■ Exercise aim
Using the entries below, write out the line with "electronic vector design.", the line with "Sweet Hearts is", and every line in between, exactly as each is written.

■ Material shown
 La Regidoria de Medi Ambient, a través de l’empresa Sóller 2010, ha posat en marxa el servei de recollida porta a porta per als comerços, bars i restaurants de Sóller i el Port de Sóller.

---

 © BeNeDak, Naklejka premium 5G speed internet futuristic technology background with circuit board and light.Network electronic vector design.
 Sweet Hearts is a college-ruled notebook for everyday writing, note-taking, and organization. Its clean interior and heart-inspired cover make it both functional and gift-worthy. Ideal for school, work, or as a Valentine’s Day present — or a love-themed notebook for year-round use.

■ Result of the task
 © BeNeDak, Naklejka premium 5G speed internet futuristic technology background with circuit board and light.Network electronic vector design.
 Sweet Hearts is a college-ruled notebook for everyday writing, note-taking, and organization. Its clean interior and heart-inspired cover make it both functional and gift-worthy. Ideal for school, work, or as a Valentine’s Day present — or a love-themed notebook for year-round use.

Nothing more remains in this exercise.